= Problem statement =
Only these lines of the data below are wanted: the one with "Right before the", the one with "- 小潮(こしお): 半月のとき。太陽と月が直角方向に分かれ、互いの力を打ち消し合うため、潮の動きが小さくなります。", and any lines between them, each repeated exactly.

= Source data =
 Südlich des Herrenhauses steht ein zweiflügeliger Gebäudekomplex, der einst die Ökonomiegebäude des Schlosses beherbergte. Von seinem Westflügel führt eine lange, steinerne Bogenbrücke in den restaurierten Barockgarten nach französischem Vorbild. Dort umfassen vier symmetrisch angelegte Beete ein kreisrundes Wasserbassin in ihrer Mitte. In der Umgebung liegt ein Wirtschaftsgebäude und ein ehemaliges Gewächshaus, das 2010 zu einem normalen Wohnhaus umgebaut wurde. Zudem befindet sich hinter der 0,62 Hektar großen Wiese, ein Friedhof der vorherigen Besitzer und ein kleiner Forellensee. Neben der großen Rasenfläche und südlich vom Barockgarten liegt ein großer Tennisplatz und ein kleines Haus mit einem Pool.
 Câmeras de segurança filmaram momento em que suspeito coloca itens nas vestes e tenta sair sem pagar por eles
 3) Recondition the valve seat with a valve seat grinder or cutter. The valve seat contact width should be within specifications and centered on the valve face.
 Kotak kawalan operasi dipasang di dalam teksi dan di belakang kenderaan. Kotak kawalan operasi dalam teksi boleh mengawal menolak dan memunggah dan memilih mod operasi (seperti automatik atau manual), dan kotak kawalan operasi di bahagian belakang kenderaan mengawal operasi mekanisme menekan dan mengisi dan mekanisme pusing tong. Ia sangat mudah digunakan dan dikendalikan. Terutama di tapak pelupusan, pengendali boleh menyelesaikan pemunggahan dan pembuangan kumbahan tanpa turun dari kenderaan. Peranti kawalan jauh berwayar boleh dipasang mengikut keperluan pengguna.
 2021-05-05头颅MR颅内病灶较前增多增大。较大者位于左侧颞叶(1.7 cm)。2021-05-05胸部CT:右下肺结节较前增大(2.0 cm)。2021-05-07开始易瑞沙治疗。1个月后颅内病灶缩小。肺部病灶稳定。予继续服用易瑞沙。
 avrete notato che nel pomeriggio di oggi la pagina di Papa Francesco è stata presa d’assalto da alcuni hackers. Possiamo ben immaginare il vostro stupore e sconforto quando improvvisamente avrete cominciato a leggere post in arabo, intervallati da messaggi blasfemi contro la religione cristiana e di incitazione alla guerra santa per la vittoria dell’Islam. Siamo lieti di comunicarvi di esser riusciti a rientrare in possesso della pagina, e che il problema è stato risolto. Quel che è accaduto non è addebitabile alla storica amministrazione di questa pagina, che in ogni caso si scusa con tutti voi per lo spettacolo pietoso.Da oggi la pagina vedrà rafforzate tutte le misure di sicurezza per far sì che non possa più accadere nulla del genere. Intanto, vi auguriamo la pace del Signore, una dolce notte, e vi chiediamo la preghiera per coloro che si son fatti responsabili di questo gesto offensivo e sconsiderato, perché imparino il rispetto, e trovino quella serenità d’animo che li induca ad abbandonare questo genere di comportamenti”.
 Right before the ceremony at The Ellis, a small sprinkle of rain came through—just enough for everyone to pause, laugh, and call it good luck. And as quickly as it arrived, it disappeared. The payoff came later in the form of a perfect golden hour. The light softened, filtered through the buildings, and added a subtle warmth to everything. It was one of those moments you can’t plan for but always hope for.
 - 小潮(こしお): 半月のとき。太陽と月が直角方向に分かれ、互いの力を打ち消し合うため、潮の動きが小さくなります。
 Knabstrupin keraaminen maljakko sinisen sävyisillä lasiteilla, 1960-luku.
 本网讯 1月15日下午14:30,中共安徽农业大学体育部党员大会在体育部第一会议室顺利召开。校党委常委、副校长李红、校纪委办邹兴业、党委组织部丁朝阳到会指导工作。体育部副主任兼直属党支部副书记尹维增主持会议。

==

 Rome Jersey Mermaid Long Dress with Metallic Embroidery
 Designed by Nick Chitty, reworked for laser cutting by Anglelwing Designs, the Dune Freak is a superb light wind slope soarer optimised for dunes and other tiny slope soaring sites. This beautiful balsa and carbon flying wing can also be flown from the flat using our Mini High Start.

= Response to this task =
 Right before the ceremony at The Ellis, a small sprinkle of rain came through—just enough for everyone to pause, laugh, and call it good luck. And as quickly as it arrived, it disappeared. The payoff came later in the form of a perfect golden hour. The light softened, filtered through the buildings, and added a subtle warmth to everything. It was one of those moments you can’t plan for but always hope for.
 - 小潮(こしお): 半月のとき。太陽と月が直角方向に分かれ、互いの力を打ち消し合うため、潮の動きが小さくなります。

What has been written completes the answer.